Segment Open
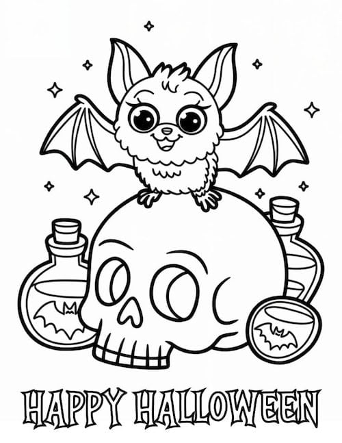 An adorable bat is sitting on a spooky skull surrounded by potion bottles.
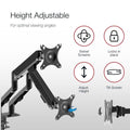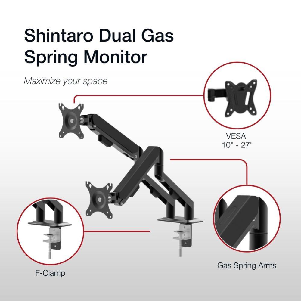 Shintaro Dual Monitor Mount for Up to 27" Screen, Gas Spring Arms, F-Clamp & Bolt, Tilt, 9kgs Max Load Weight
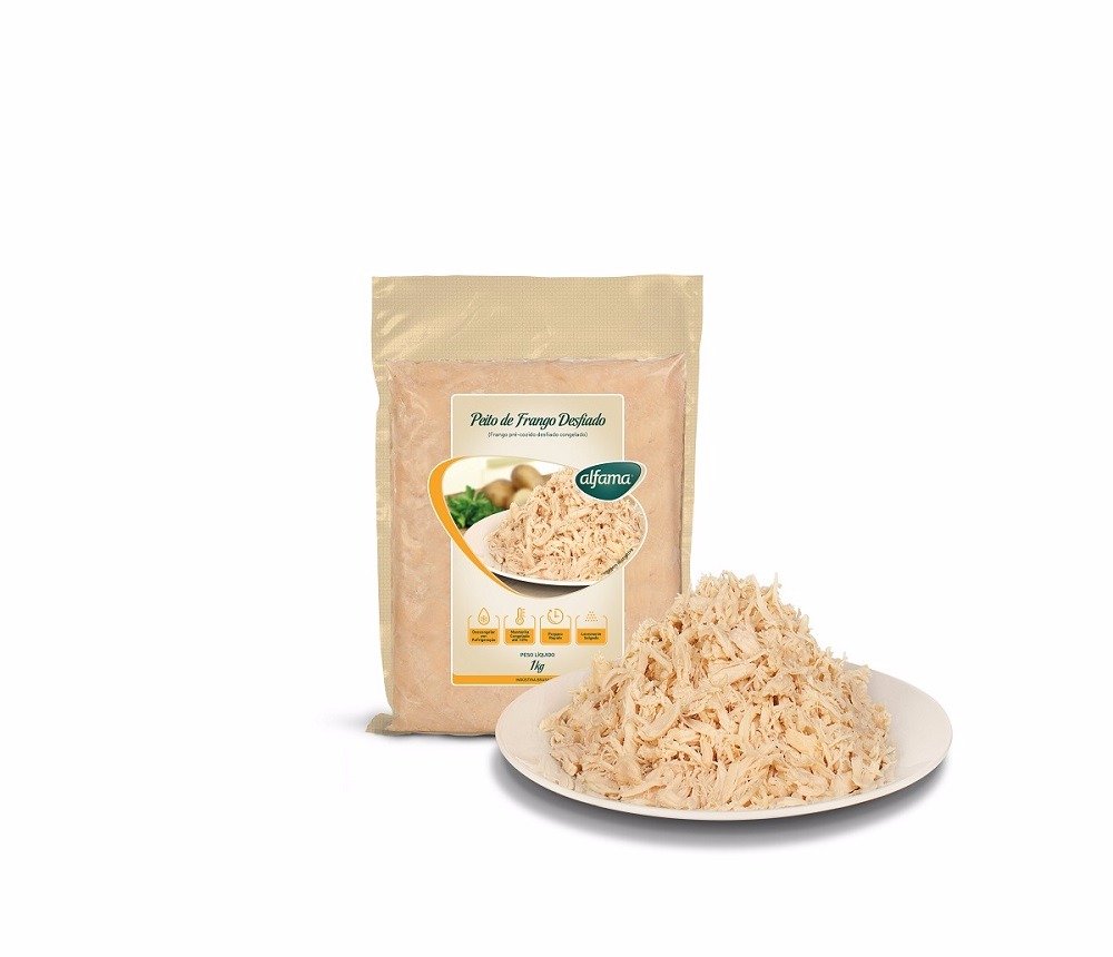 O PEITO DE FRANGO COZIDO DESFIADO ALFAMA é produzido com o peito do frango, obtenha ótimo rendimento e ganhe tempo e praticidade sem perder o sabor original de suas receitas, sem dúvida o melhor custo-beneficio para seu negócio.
Segment Closed
Segment Open
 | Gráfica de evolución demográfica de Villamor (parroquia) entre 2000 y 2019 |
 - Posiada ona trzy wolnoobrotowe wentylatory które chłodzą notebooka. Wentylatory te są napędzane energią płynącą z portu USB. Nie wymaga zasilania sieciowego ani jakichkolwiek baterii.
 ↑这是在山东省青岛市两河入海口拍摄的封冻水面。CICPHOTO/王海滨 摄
Segment Closed
Segment Open
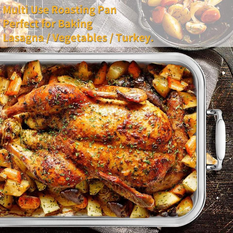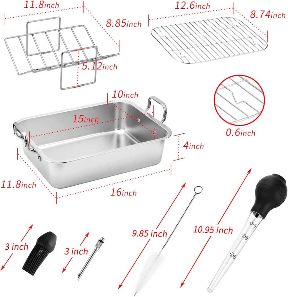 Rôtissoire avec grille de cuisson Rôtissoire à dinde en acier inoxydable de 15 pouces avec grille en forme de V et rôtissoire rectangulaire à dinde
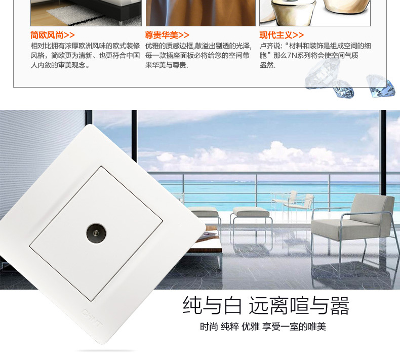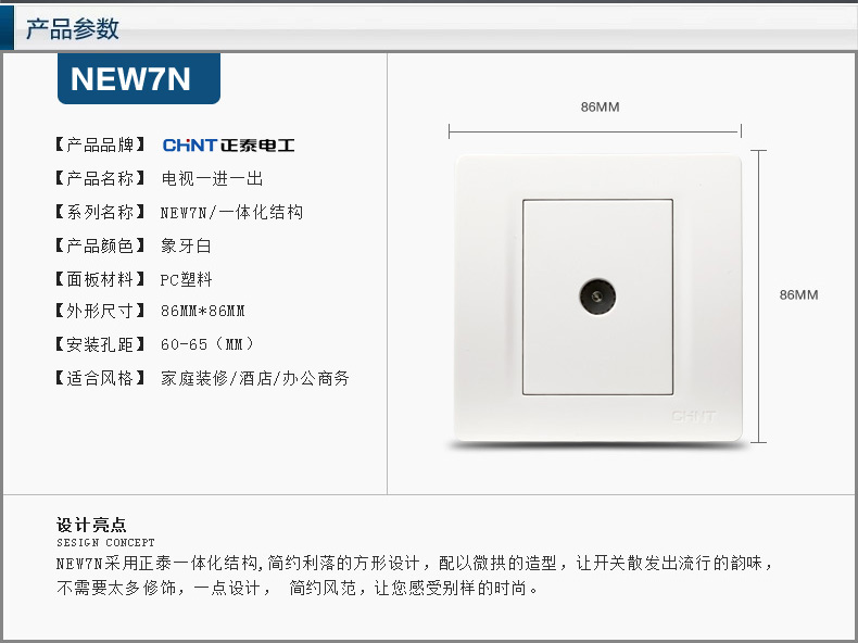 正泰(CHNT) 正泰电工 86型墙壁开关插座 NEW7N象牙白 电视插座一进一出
Segment Closed
The stretch above running from the line with "An adorable bat" through the line with "O PEITO DE FRANGO" is all you should copy, exactly, leaving out the pictures.

▸ **Output for this task**
 An adorable bat is sitting on a spooky skull surrounded by potion bottles.
 Shintaro Dual Monitor Mount for Up to 27" Screen, Gas Spring Arms, F-Clamp & Bolt, Tilt, 9kgs Max Load Weight
 O PEITO DE FRANGO COZIDO DESFIADO ALFAMA é produzido com o peito do frango, obtenha ótimo rendimento e ganhe tempo e praticidade sem perder o sabor original de suas receitas, sem dúvida o melhor custo-beneficio para seu negócio.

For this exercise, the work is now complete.